Венька Седых, назначенный заместителем председателя ревкома по всем гражданским делам, слушал выкрики молча, не меняя серьёзного выражения тяжёлого чёрного лица, только поводя глазами с одного говорившего на другого. Такой поворот дела, когда все сваливалось на ревком, ему не нравился: он знал, что ещё по дороге домой попутчики станут хаять его решения и, хитрые задним умом, напридумывают кучу всяких «если бы» да «как бы» и будут подсмеиваться над его, Венькиной, неизворотливостью. Машарину что? – он хоть и предревкома, а сразу оговорился, что гражданских дел касаться не будет, хватит с него военных, и все согласились с ним. Стунджайтис сосёт погасшую трубочку, время от времени шевеля мундштуком свои голубоватые кудри, как будто окромя причёски его ничего не волнует. Да и то, человек пришлый, ему хоть трава не расти, нацепил трофейную шашку, побрякивает ею под столом, отвоюется и подастся отсюда, а за всё Венька отвечай. Ульянников тоже чувствует себя воякой, сидит прямой, хоть на плечи погоны навешивай, тонкое белое лицо спокойное и властное, глаза следят за машаринским карандашиком, ждут командирского слова, чтобы тут же одобрительно улыбнуться ему. Один только Горлов нервно ёрзает на стуле, будто ему в сиденье гвоздиков понатыкали, свысока, по-птичьи, поглядывает на сникших мужиков, сдерживается, чтобы не крикнуть обидное. Острые глаза округлены, тонкие губы на замке – злой.
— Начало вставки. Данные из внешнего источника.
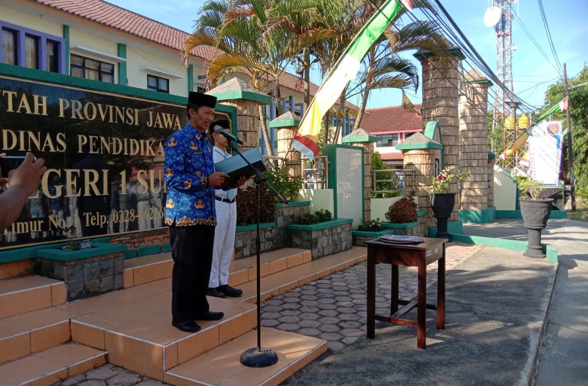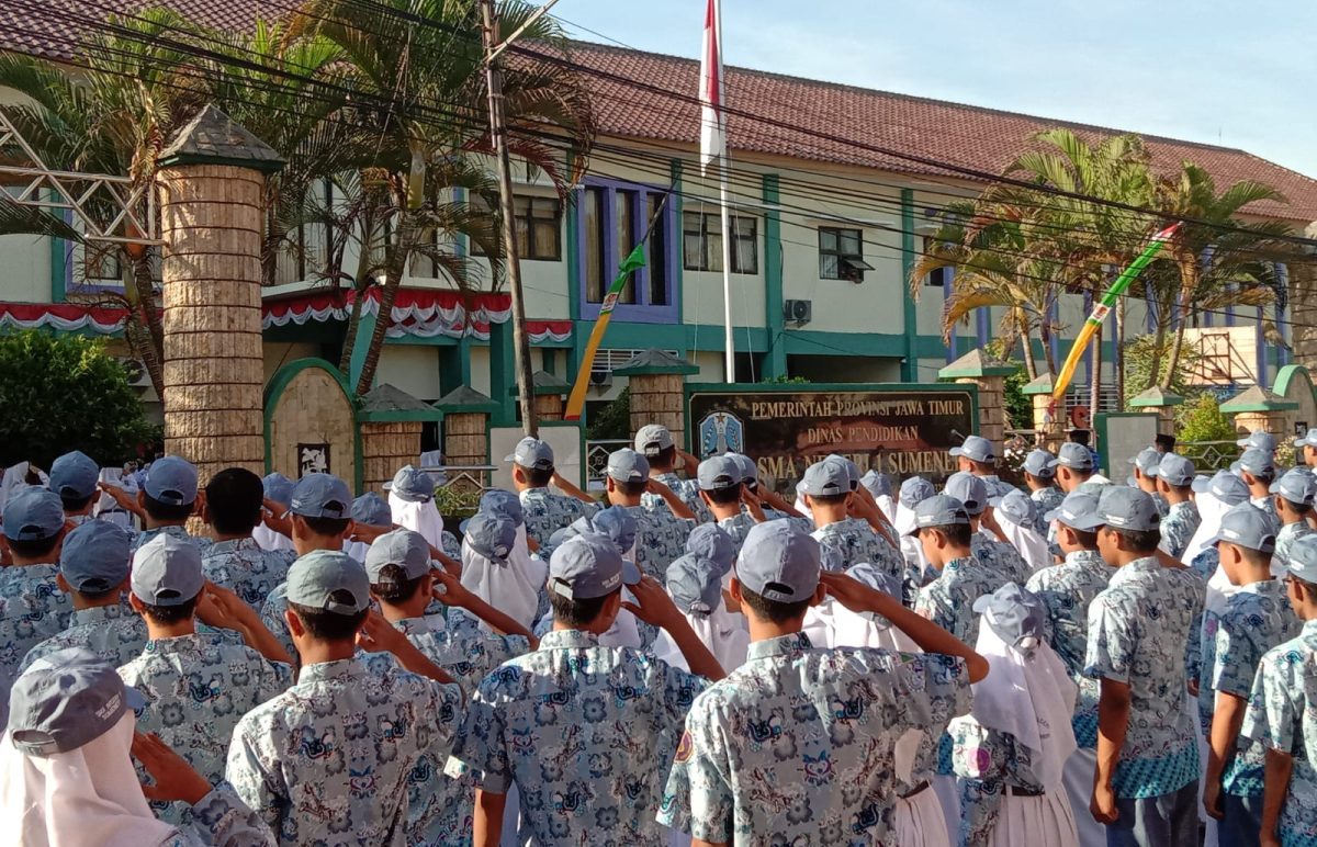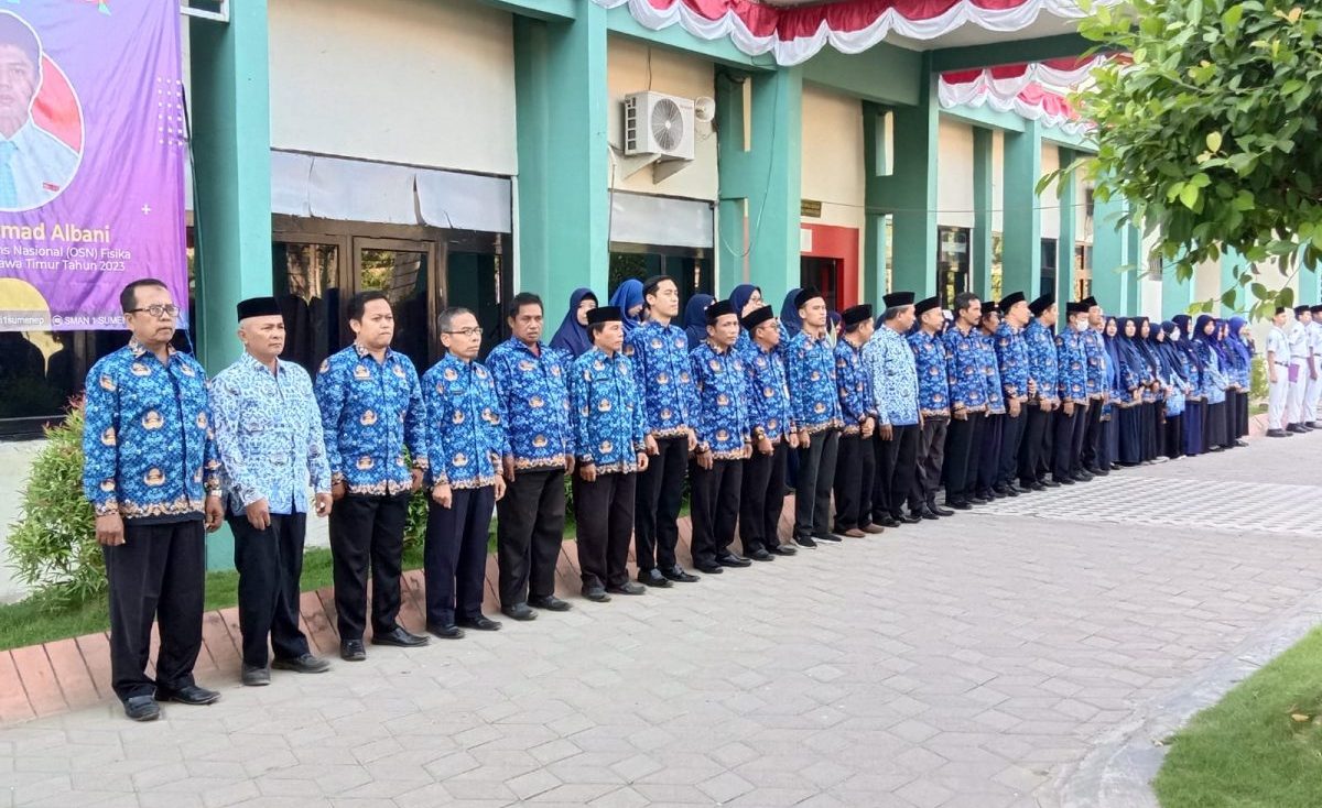 Seluruh staf dan jajaran guru juga murit SMA Negeri 1 Sumenep ikuti upacara bendera merah putih pada hari ulang tahun (HUT) Indonesia yang ke 78 tahun di depan sekolah SMAN 1 Sumenep.

Ещё в начале заседания Машарин огласил собравшимся решение партийной ячейки, вынесшей Горлову за самовольство с дезертирами строгий выговор и предупреждение, что в случае повторного нарушения революционной дисциплины начальник штаба отряда с должности будет отстранён и предан суду. Это испортило Горлову настроение на целый день.

– Что мы, спать сюда собрались? – наконец не выдержал он. – Ты, товарищ Машарин, веди заседание, коль взялся. Принимай четкие решения. Голосовать надо по каждому пункту.

– Предлагаю закончить сидение, – ответил, поднимаясь над столом, Машарин. – Что время зря тратить? Всё ясно. Товарищи Седых и Ульянников подготовят приказ, завтра разошлём его во все освобождённые волости. За фураж и продовольствие будем платить по установленным здесь ценам, а на одежду и лошадей выдавать гарантийные расписки. Принятые нами решения – о мобилизации, самогонокурении, спекуляции, укрывательстве и так далее тоже будут оформлены приказом на правах закона.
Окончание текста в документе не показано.